_YOUR GOAL_.
Your reply should reproduce each line below exactly and carry none of the pictures.

_INFORMATION PROVIDED_.

+ + + + +

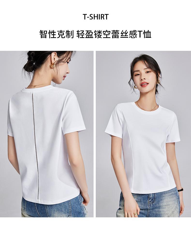 Compra Camiseta de Hombro Manga Corta para Mujer Diseño de Agujas de Flores en la Espalda Verano 2025 Encaje Calado Cinta Algodón Mercerizado Sensación Fresca al por mayor en Joom.pro
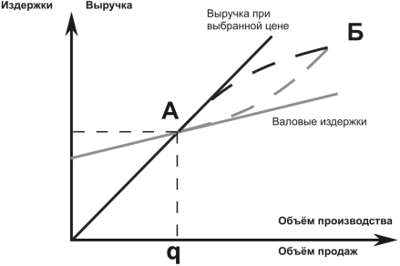 Точка безубыточности (ТБ) «А» - точка пересечения линии выручки и линии валовых издержек - показывает такой объём продаж (производства) «q», при котором общие издержки равны общей выручке при предлагаемой цене или объём продаж (производства), при котором фирма не имеет ни прибылей, ни убытков.
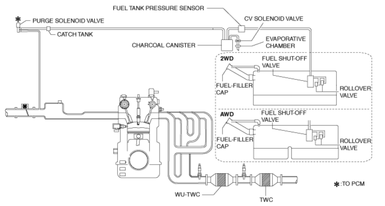 Sure, here is how the EVAP system works and illustrations to help with the explanation. Use 2CarPros anytime, we are here to help. Please tell a friend.

+ + + + +

_ANSWER BOX_.
 Compra Camiseta de Hombro Manga Corta para Mujer Diseño de Agujas de Flores en la Espalda Verano 2025 Encaje Calado Cinta Algodón Mercerizado Sensación Fresca al por mayor en Joom.pro
 Точка безубыточности (ТБ) «А» - точка пересечения линии выручки и линии валовых издержек - показывает такой объём продаж (производства) «q», при котором общие издержки равны общей выручке при предлагаемой цене или объём продаж (производства), при котором фирма не имеет ни прибылей, ни убытков.
 Sure, here is how the EVAP system works and illustrations to help with the explanation. Use 2CarPros anytime, we are here to help. Please tell a friend.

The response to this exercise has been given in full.